PROBLEM TO WORK ON: Only the lines below starting at the one that contains "Organiczny róż w" and ending at the one that contains "Figura 1. Radiografía" are to be reproduced, exactly and with both ends kept.

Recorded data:
Content starts
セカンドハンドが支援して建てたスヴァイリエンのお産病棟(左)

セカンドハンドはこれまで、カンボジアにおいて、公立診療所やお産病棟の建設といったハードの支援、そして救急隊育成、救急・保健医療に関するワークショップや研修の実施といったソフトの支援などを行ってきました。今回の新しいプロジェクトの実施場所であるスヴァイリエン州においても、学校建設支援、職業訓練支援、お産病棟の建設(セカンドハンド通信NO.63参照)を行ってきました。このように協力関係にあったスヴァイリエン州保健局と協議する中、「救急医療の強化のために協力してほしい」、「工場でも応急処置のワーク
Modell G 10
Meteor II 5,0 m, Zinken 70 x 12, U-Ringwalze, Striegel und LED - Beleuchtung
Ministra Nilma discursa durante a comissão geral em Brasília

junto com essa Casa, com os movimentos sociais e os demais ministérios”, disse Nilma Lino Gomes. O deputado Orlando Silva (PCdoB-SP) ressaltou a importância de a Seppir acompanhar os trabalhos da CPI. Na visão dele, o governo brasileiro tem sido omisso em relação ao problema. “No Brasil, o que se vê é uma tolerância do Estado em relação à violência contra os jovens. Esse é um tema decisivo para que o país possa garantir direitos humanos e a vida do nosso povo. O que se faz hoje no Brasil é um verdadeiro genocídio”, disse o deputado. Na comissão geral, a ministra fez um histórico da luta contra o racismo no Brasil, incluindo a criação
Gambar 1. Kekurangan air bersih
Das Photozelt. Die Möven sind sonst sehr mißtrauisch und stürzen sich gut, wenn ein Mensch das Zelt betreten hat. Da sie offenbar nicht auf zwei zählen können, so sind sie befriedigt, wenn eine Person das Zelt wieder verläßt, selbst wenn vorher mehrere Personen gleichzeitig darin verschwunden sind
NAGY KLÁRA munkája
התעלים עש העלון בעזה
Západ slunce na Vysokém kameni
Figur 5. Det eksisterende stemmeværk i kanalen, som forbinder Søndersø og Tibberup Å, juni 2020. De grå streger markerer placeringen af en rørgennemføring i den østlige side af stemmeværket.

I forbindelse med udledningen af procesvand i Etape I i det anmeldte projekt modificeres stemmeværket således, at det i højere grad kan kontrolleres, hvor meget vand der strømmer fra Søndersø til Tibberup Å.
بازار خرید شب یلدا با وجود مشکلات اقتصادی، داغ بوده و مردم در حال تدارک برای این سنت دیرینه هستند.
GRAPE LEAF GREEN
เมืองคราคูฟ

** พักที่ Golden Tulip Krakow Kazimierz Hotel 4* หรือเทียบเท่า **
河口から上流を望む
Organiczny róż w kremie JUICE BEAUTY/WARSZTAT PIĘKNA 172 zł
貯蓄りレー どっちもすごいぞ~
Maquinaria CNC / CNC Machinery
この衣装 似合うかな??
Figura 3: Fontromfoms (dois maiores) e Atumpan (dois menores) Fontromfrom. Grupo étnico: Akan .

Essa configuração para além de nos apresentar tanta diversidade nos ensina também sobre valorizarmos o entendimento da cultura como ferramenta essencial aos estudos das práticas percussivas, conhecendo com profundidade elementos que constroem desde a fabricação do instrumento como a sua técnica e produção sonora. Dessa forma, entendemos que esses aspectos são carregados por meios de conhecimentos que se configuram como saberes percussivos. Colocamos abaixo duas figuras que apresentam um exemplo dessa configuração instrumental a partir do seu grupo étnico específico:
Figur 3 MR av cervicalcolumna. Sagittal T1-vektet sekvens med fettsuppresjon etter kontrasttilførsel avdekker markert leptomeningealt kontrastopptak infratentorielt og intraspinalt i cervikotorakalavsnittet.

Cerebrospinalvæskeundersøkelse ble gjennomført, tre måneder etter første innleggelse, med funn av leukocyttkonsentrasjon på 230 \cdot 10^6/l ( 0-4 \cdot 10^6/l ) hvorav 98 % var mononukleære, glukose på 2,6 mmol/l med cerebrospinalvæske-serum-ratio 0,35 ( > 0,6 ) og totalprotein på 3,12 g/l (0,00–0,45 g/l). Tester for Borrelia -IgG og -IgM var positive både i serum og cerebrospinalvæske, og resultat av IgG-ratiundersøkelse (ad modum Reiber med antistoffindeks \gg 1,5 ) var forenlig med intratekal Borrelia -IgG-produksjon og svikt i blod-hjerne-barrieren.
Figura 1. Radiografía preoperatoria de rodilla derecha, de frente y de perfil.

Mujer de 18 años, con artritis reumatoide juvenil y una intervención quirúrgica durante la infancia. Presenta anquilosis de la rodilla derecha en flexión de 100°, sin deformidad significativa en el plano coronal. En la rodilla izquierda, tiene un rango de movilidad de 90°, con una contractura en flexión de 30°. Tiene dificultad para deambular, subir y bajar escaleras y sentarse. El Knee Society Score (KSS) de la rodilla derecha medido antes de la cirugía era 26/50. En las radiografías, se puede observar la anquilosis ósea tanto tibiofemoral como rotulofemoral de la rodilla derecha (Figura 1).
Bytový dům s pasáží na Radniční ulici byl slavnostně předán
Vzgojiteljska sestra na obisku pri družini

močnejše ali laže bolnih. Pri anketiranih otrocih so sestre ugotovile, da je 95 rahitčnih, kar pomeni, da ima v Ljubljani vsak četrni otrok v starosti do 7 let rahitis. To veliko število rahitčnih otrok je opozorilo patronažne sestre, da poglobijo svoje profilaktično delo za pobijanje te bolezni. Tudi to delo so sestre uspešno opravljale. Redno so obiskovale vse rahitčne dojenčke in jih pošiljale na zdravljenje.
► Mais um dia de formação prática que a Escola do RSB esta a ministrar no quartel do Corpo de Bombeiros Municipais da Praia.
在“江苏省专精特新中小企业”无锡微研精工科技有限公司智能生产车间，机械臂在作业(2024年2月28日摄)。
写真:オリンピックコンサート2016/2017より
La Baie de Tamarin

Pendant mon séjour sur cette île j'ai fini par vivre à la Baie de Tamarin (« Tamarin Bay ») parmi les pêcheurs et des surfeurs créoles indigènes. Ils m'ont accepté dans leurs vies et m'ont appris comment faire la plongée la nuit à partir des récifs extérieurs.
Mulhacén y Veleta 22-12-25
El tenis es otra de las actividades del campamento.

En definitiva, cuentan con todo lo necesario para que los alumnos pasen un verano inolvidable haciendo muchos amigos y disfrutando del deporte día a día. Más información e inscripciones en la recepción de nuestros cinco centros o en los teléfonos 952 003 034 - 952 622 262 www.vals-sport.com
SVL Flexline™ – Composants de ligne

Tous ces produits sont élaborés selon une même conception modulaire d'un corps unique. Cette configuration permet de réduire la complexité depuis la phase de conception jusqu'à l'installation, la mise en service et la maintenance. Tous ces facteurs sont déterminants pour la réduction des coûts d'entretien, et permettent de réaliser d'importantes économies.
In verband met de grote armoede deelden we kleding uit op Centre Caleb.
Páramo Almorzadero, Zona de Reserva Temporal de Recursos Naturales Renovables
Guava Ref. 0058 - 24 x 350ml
Content ends
RESULT OF THE TASK:
Organiczny róż w kremie JUICE BEAUTY/WARSZTAT PIĘKNA 172 zł
貯蓄りレー どっちもすごいぞ~
Maquinaria CNC / CNC Machinery
この衣装 似合うかな??
Figura 3: Fontromfoms (dois maiores) e Atumpan (dois menores) Fontromfrom. Grupo étnico: Akan .

Essa configuração para além de nos apresentar tanta diversidade nos ensina também sobre valorizarmos o entendimento da cultura como ferramenta essencial aos estudos das práticas percussivas, conhecendo com profundidade elementos que constroem desde a fabricação do instrumento como a sua técnica e produção sonora. Dessa forma, entendemos que esses aspectos são carregados por meios de conhecimentos que se configuram como saberes percussivos. Colocamos abaixo duas figuras que apresentam um exemplo dessa configuração instrumental a partir do seu grupo étnico específico:
Figur 3 MR av cervicalcolumna. Sagittal T1-vektet sekvens med fettsuppresjon etter kontrasttilførsel avdekker markert leptomeningealt kontrastopptak infratentorielt og intraspinalt i cervikotorakalavsnittet.

Cerebrospinalvæskeundersøkelse ble gjennomført, tre måneder etter første innleggelse, med funn av leukocyttkonsentrasjon på 230 \cdot 10^6/l ( 0-4 \cdot 10^6/l ) hvorav 98 % var mononukleære, glukose på 2,6 mmol/l med cerebrospinalvæske-serum-ratio 0,35 ( > 0,6 ) og totalprotein på 3,12 g/l (0,00–0,45 g/l). Tester for Borrelia -IgG og -IgM var positive både i serum og cerebrospinalvæske, og resultat av IgG-ratiundersøkelse (ad modum Reiber med antistoffindeks \gg 1,5 ) var forenlig med intratekal Borrelia -IgG-produksjon og svikt i blod-hjerne-barrieren.
Figura 1. Radiografía preoperatoria de rodilla derecha, de frente y de perfil.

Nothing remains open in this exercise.